Molto significative le parole con cui Marco Tavani, presidente dell’INAF, ha commentato lo storico lancio del JWST: «Il telescopio James Webb è l'osservatorio spaziale più potente mai costruito e sono estremamente felice per il lancio di oggi, un traguardo cruciale atteso con enorme trepidazione dall'intera comunità astronomica mondiale. Questo telescopio è frutto della collaborazione tra la Nasa, l'Agenzia spaziale europea e quella canadese, segno che i grandi progetti di questo tipo richiedono più attori internazionali per realizzarsi pienamente. INAF è in prima linea per lo sfruttamento scientifico di Webb. Diversi gruppi guidati da ricercatrici e ricercatori dell'INAF avranno infatti accesso ai dati di Webb già durante il primo anno di osservazioni. Ci aspettiamo che l’interesse nella nostra comunità aumenti negli anni a venire e si concretizzi in studi di grande importanza anche sfruttando in parallelo dati da altri telescopi da terra e dallo spazio a noi accessibili. Abbiamo inoltre oggi un motivo speciale per essere orgogliosi in Italia. Il grande specchio di Webb, il più grande mai lanciato nello spazio, è formato da 18 segmenti esagonali. Questa configurazione di un grande telescopio a specchio segmentato è stata concepita e utilizzata per la prima volta dall'astronomo italiano Guido Horn d’Arturo quasi un secolo fa ed è oggi applicata in diversi telescopi. Un segno di come la tradizione astronomica italiana, da Galileo ai nostri tempi, apporti un contributo di innovazione fondamentale al mondo intero per lo studio del nostro Universo».

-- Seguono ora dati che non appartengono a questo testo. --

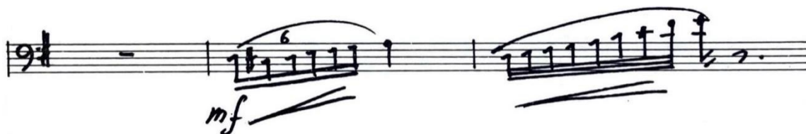
Figura 16. Motivo B. Allegro ma non troppo (cc. 37-39).

Además, en los seisillos de los episodios se encuentra la presencia de un motivo b más virtuosístico, el cual podría derivar de las escalas cromáticas del Scherzino . No obstante, este motivo es diatónico y se asemeja a un arabesco 5 .

Per dare ancor di più la misura del ruolo del nostro Paese nella scienza che sarà alimentata dai dati del JWST, aggiungiamo che, oltre ai sette programmi con Principal Investigator dell’INAF cui si accennava pocanzi, l’Istituto Nazionale di Astrofisica vede il coinvolgimento di numerosi suoi ricercatori in oltre 40 programmi. Tra di essi figurano anche 4 dei 7 programmi cosiddetti “large”, che si sono aggiudicati tra le 100 e le 200 ore di osservazione ciascuno per studiare galassie vicine, lontane e lontanissime e comprendere la loro evoluzione attraverso le ere cosmiche. Una presenza in prima linea, insomma, massiccia e altamente qualificata che certamente darà i suoi frutti.